Apache Flume是Apache软件基金会的顶级项目。



System Requirements

    1. Java Runtime Environment - Java 1.7 or later(Java运行环境-Java1.7或者以后的版本)
    2. Memory - Sufficient memory for configurations used by sources, channels or sinks(内存——足够的内存来配置souuces,channels和sinks)
    3. Disk Space - Sufficient disk space for configurations used by channels or sinks(磁盘空间-足够的磁盘空间来配置channels或者sinks)
    4. Directory Permissions - Read/Write permissions for directories used by agent(目录权限-代理所使用的目录读/写权限)


Data flow model(数据流动模型)

A Flume event is defined as a unit of data flow having a byte payload and an optional set of string attributes. A Flume agent is a (JVM) process that hosts the components through which events flow from an external source to the next destination (hop).

一个Flume event被定义为拥有一个字节的有效负载的一个数据流单元和一个可选的字符串属性配置。Flume agent是一个JVM进程来控制组件完成事件流从一个外部来源传输到下一个目的地。

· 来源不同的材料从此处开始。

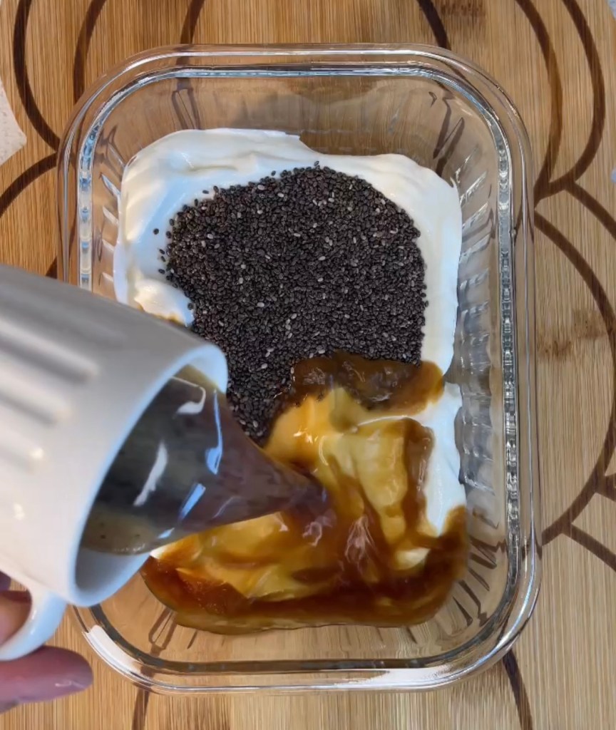 1. In a sealable jar or container, stir together the Greek yogurt, oats, chia seeds, maple syrup, and espresso until fully combined.

A Flume source consumes events delivered to it by an external source like a web server. The external source sends events to Flume in a format that is recognized by the target Flume source. For example, an Avro Flume source can be used to receive Avro events from Avro clients or other Flume agents in the flow that send events from an Avro sink. A similar flow can be defined using a Thrift Flume Source to receive events from a Thrift Sink or a Flume Thrift Rpc Client or Thrift clients written in any language generated from the Flume thrift protocol.When a Flume source receives an event, it stores it into one or more channels. The channel is a passive store that keeps the event until it’s consumed by a Flume sink. The file channel is one example – it is backed by the local filesystem. The sink removes the event from the channel and puts it into an external repository like HDFS (via Flume HDFS sink) or forwards it to the Flume source of the next Flume agent (next hop) in the flow. The source and sink within the given agent run asynchronously with the events staged in the channel.

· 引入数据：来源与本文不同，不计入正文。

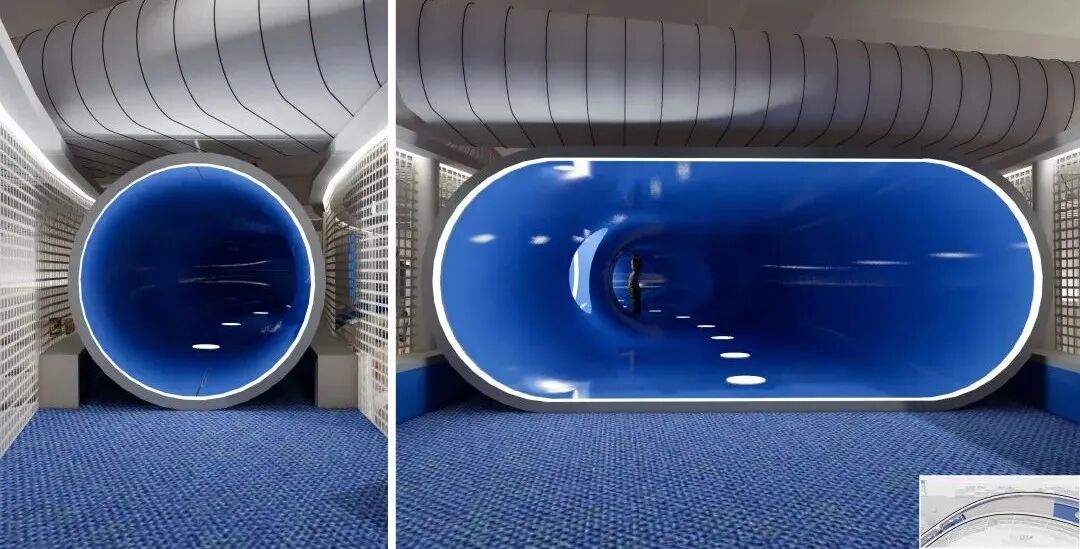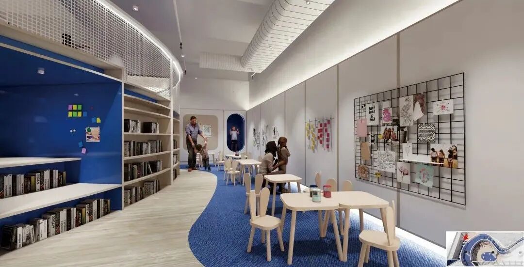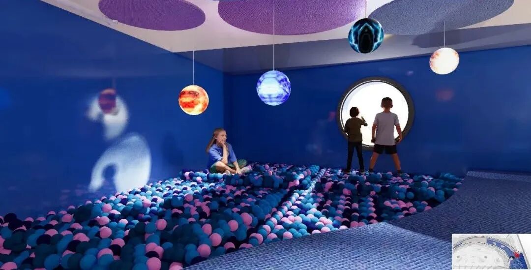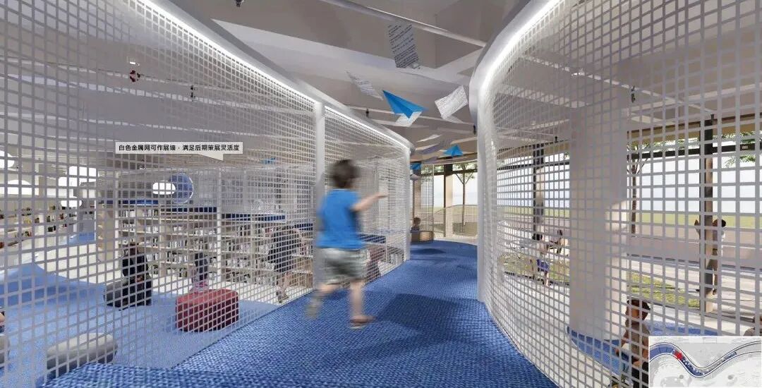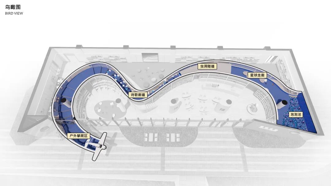 云梯两端分别是户外攀爬区和泡泡池,吸引孩子前往。虫洞隧道,它是一个由窄变宽的圆管,内部高度一米,供孩子爬行,也很好解决了层高问题。穿过虫洞来到星球廊道,这是个停留区,有软质的发光星球灯可以拍打。虫洞的另一端是诗歌长廊,长廊上方悬挂着孩子们写的关于航天的诗歌文章,白色的金属网可做展墙,保留充分的策展灵活性。

Flume source消费外部来源像web server传输给他的事件。外部来源发送以目标Flume source定义好的格式的event给Flume。例如,Avro Flume source用于接收Avro客户端或者流中的其他Flume中Avro sink发来的Avro events。一个相似的流可以用Thrift Flume Source 来接收来自Flume sink或者FluemThrift Rpc客户端或者一个用任何语言写的遵守Flume Thrift 协议的Thrift客户端的事件。当一个Flume Source接收一个事件时,它将事件存储在一个或者多个Cannel中。Channel是一个被动仓库用来保存事件直到它被Flume Sink消费掉。File channel就是个例子-它背靠着本地的文件系统。Sink将事件从Channel中移除并且将事件放到一个外部的仓库像HDFS(通过Flume HDFS sink)或者向前传输到流中另一个Flume Agent。Agent中Source和Sink异步地执行Channel中events。


The events are staged in a channel on each agent. The events are then delivered to the next agent or terminal repository (like HDFS) in the flow. The events are removed from a channel only after they are stored in the channel of next agent or in the terminal repository. This is a how the single-hop message delivery semantics in Flume provide end-to-end reliability of the flow.

Flume uses a transactional approach to guarantee the reliable delivery of the events. The sources and sinks encapsulate in a transaction the storage/retrieval, respectively, of the events placed in or provided by a transaction provided by the channel. This ensures that the set of events are reliably passed from point to point in the flow. In the case of a multi-hop flow, the sink from the previous hop and the source from the next hop both have their transactions running to ensure that the data is safely stored in the channel of the next hop.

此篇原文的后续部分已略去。